The success of an organ transplant relies on replacing a failing organ while preventing the recipient’s immune system from destroying the new tissue. When a transplanted organ is introduced, the body recognizes differences between the donor’s and recipient’s cells, triggering rejection.
Antibody-mediated rejection (AMR) is a specific type of rejection where the recipient’s immune system uses specialized proteins called antibodies to attack the graft. This differs from T-cell mediated rejection, which involves direct attack by immune cells. AMR is a significant complication that can lead to graft injury, dysfunction, and eventual loss of the transplanted organ.
The Mechanism of Donor Specific Antibodies
The core of antibody-mediated rejection involves the recipient recognizing the donor’s Human Leukocyte Antigens (HLA) on the transplanted organ’s cells. HLA molecules are unique identification tags found on the surface of most cells. When the recipient’s immune system encounters these differing HLA markers, it perceives them as foreign, initiating a defense response.
This recognition leads to the production of Donor Specific Antibodies (DSAs) by the recipient’s B-cells and plasma cells. DSAs are tailored to bind to the donor’s HLA molecules on the transplanted organ’s endothelium (blood vessel lining). Sensitization—the production of DSAs—can occur before the transplant due to prior blood transfusions, pregnancy, or previous transplants.
Once a DSA binds to the HLA, it triggers the activation of the complement system, a group of proteins that works in a chain reaction to eliminate targets. This reaction deposits complement fragments, which directly injure endothelial cells, causing inflammation and clotting in the microvasculature.
The antibodies also recruit innate immune cells, such as Natural Killer (NK) cells, in a process known as antibody-dependent cellular cytotoxicity (ADCC). These recruited cells release toxic substances that cause cell death. This dual assault results in inflammation, capillary damage (capillaritis), and microvascular injury, leading to impaired organ function.
Identifying Antibody Mediated Rejection
Confirming a diagnosis of antibody-mediated rejection requires clinical, histological, and immunological evidence. The first indicator is often clinical dysfunction, such as a decline in organ function measured by rising creatinine levels or changes in cardiac function. Since these symptoms are non-specific, a definitive diagnosis requires physical examination of the organ tissue.
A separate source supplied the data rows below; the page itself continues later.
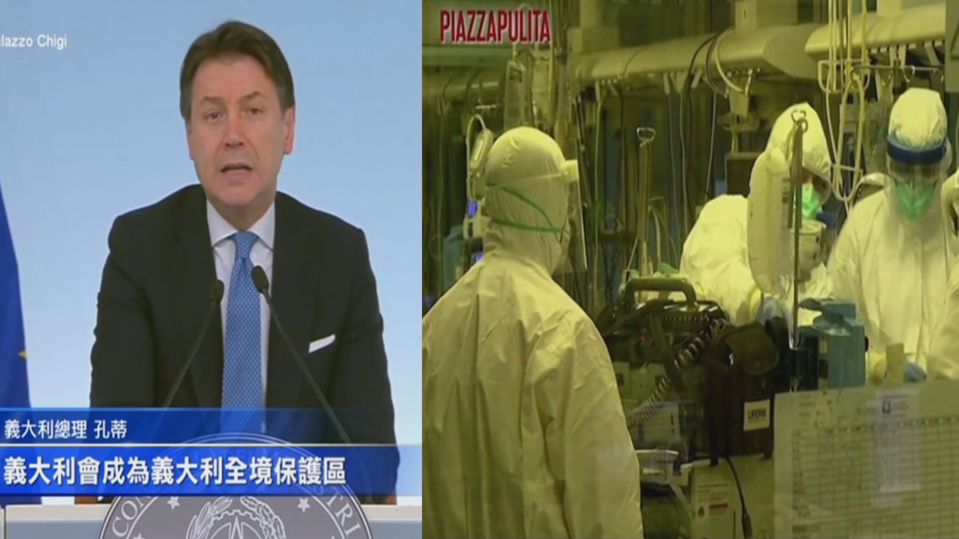 義大利總理 孔蒂:「 義大利會成為義大利全境保護區,在半島上,大家會被限制行動;如要移動必須要有三種情況,被證明的工作理由、緊急情況,和健康理由。」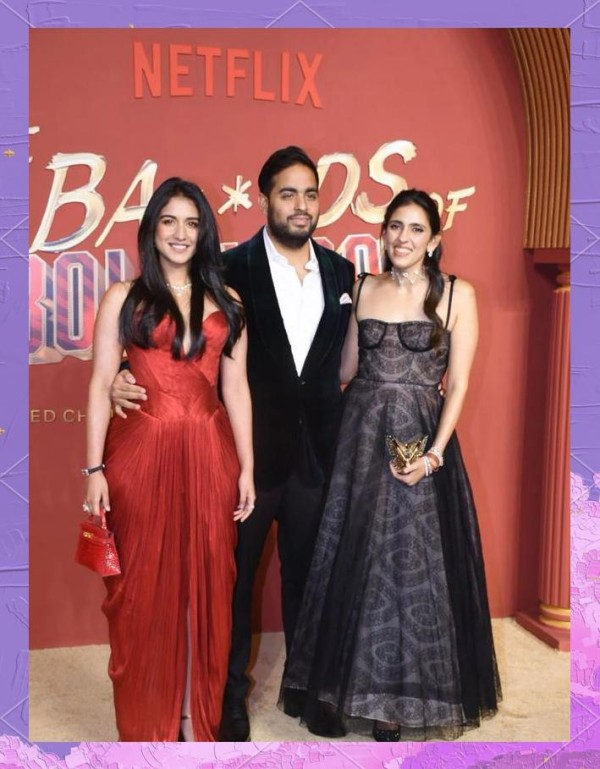 伊莎·安巴尼以独立姿态亮相,未携丈夫同行,与另一位女企业家并肩而立,尽显干练与优雅,无疑走上了“女强人”的道路。然而,最吸引众人目光的,还是新晋加入的安巴尼家族成员——拉迪卡·迈钱特。她身着红抹胸裙,手提迷你爱马仕凯莉包,黑发亮丽,成为全场镜头追逐的焦点。其身旁,大伯哥阿卡什与嫂子什洛卡·梅塔相伴而立。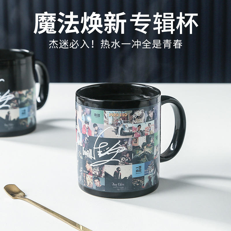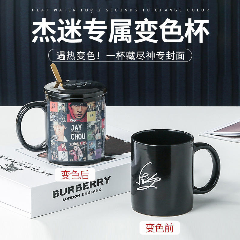 Taza de cerámica que cambia de color con foto de Jay Chou, 301-400 ml, regalo con tapa y cuchara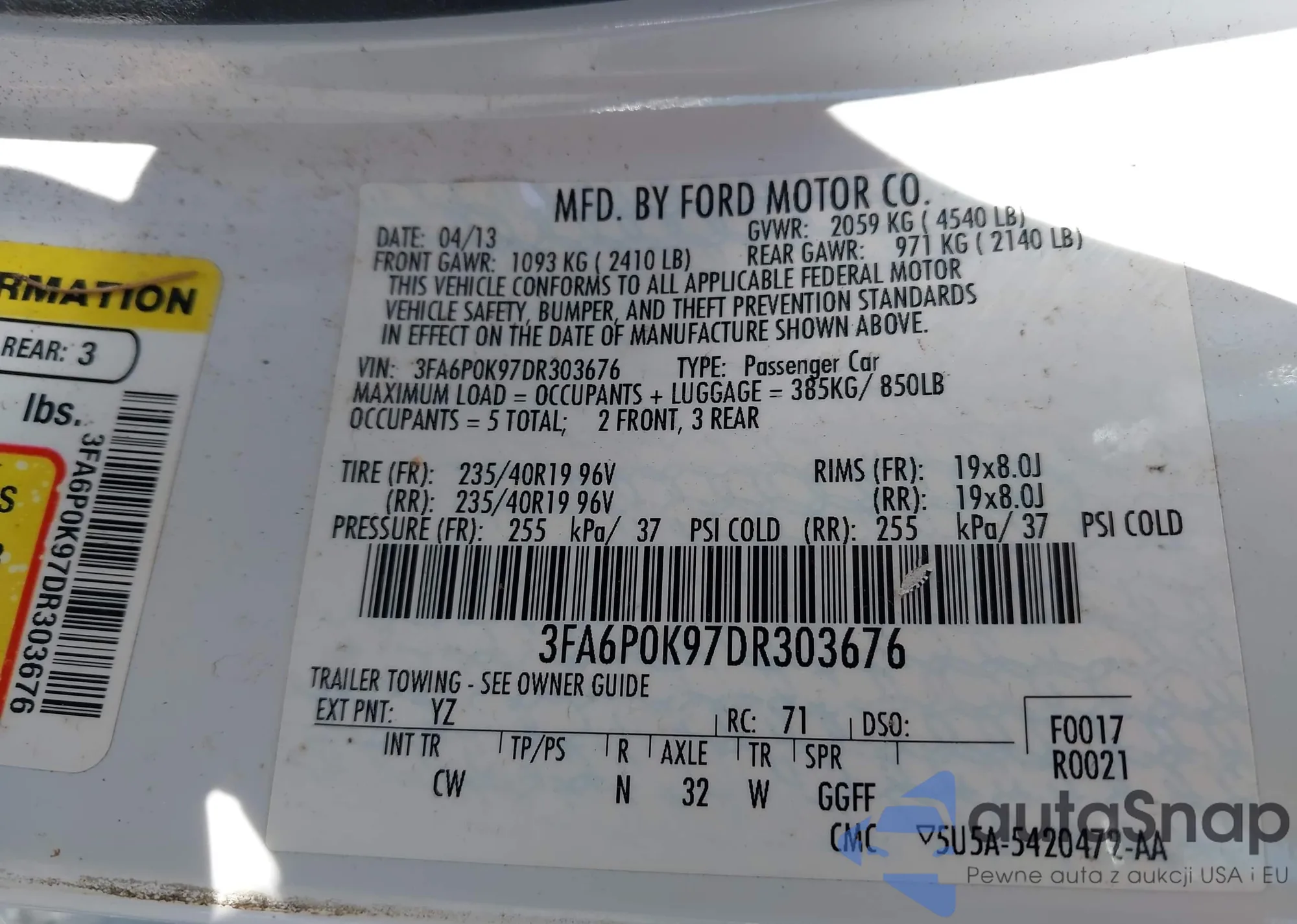 LOT: 42387352 VIN: 3FA6P0K97DR303676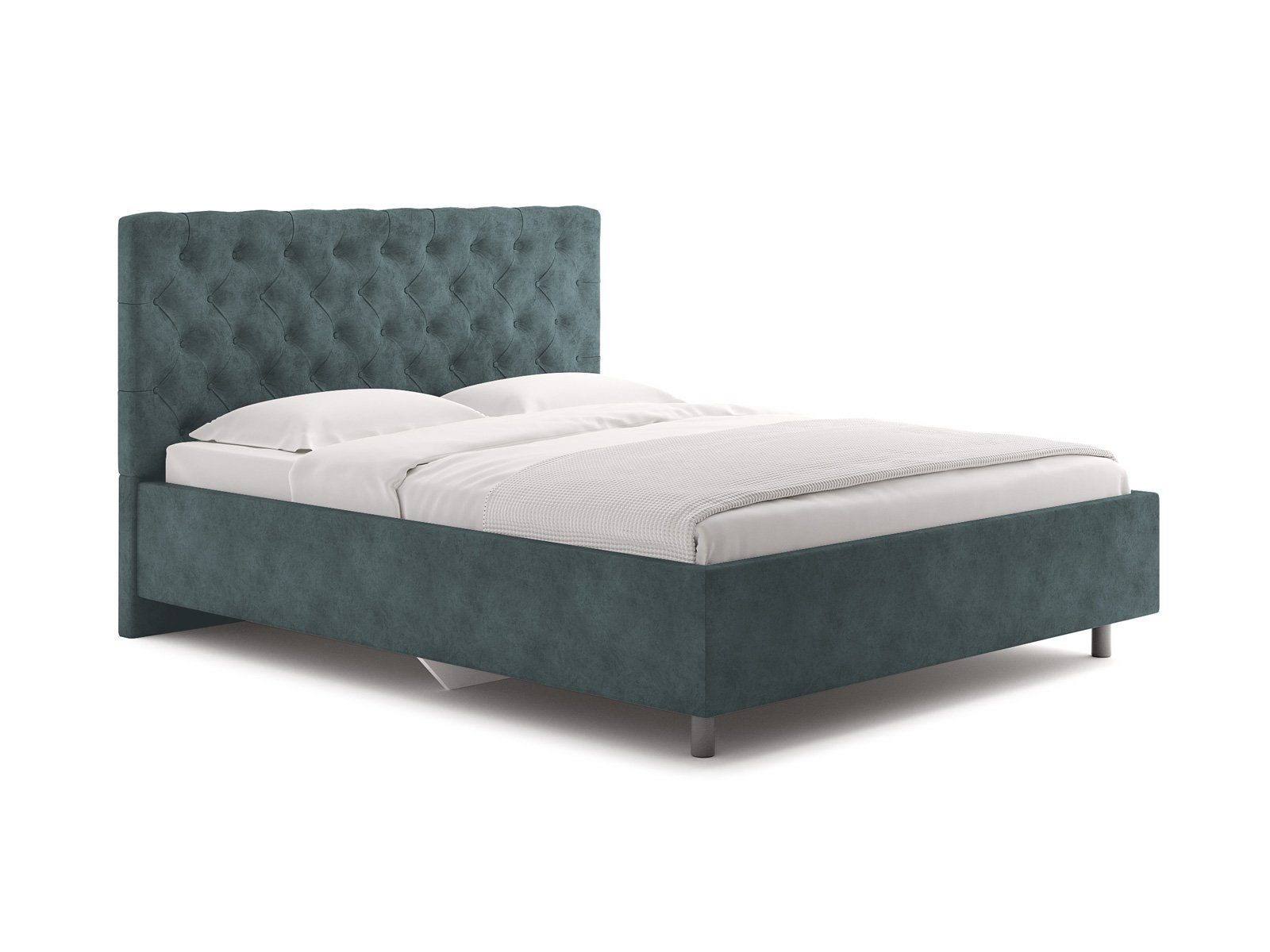 Элегантная интерьерная кровать с изголовьем, украшенным декоративными пуговицами и глубокой пиковкой. Модель изготовлена из ДСП.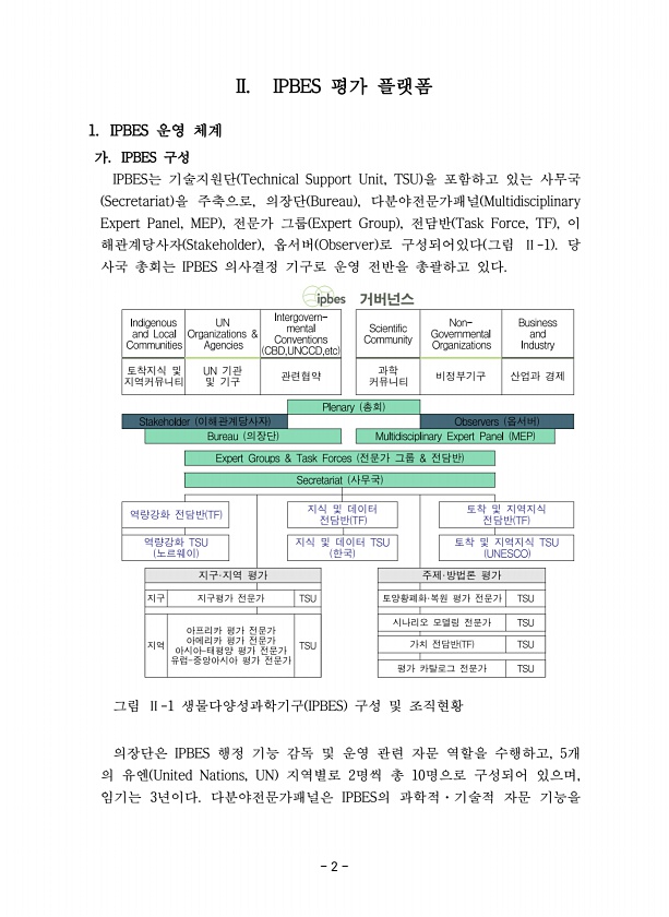 2 거버넌스 II. IPBES 평가 플랫폼 1. IPBES 운영 체계 가. IPBES 구성 IPBES는 기술지원단 Technical Support Unit, TSU 을 포함하고 있는 사무국 Secretariat 을 주축으로, 의장단 Bureau , 다분야전문가패널 Multidisciplinary Expert Panel, MEP , 전문가 그룹 Expert Group , 전담반 Task Force, TF , 이 해관계당사자 Stakeholder , 옵서버 Observer 로 구성되어있다 그림 Ⅱ-1 당 사국 총회는 IPBES 의사결정 기구로 운영 전반을 총괄하고 있다. 그림 Ⅱ-1 생물다양성과학기구 IPBES 구성 및 조직현황 의장단은 IPBES 행정 기능 감독 및 운영 관련 자문 역할을 수행하고, 5개 의 ...

The gold standard for diagnosis is an organ biopsy, where a small tissue sample is examined under a microscope. Histological evidence of AMR includes signs of microvascular inflammation, such as glomerulitis or peritubular capillaritis. These microscopic injuries result directly from the antibody-mediated attack on the blood vessels.
A specific immunological marker, the complement fragment C4d, is used to confirm the role of the complement system. C4d is a stable breakdown product of the complement cascade that remains affixed to the site of antibody-antigen binding on the capillary walls. The presence of linear C4d staining in the peritubular capillaries is a strong indicator of recent or ongoing antibody-mediated injury.
Immunological evidence is also gathered by testing the recipient’s blood for Donor Specific Antibodies (DSAs). Sensitive laboratory methods identify and quantify the specific HLA antibodies targeting the donor organ. The final diagnosis of definite AMR requires evidence of organ dysfunction, characteristic histological injury in the biopsy, and the presence of circulating DSAs.
Managing and Reversing AMR
Treatment for active antibody-mediated rejection involves a multi-pronged approach to neutralize existing antibodies and eliminate the cells that produce them. The goal is to rapidly reduce the concentration of circulating DSAs to halt ongoing damage. This is achieved through therapeutic plasma exchange (plasmapheresis), which physically removes the patient’s plasma containing harmful antibodies and replaces it with a substitute solution.
Following antibody removal, Intravenous Immunoglobulin (IVIG) is administered to neutralize remaining DSAs and modulate the immune system. IVIG is a purified blood product containing pooled antibodies from healthy donors, which interferes with the binding of the recipient’s DSAs to the graft. This combined approach is the standard initial treatment for acute AMR.
Targeted immunosuppressive drugs are used to eliminate antibody-producing cells and prevent the production of new DSAs. Rituximab, an anti-CD20 monoclonal antibody, targets B-cells, the precursor cells to plasma cells. Bortezomib, a proteasome inhibitor, is sometimes used to target the long-lived plasma cells themselves.
The response to treatment differs between acute and chronic forms of AMR. Acute AMR, occurring soon after transplantation, is more responsive to intensive therapies. Chronic active AMR develops slowly over months or years, involves irreversible tissue scarring, and is much more difficult to reverse, often leading to long-term graft loss.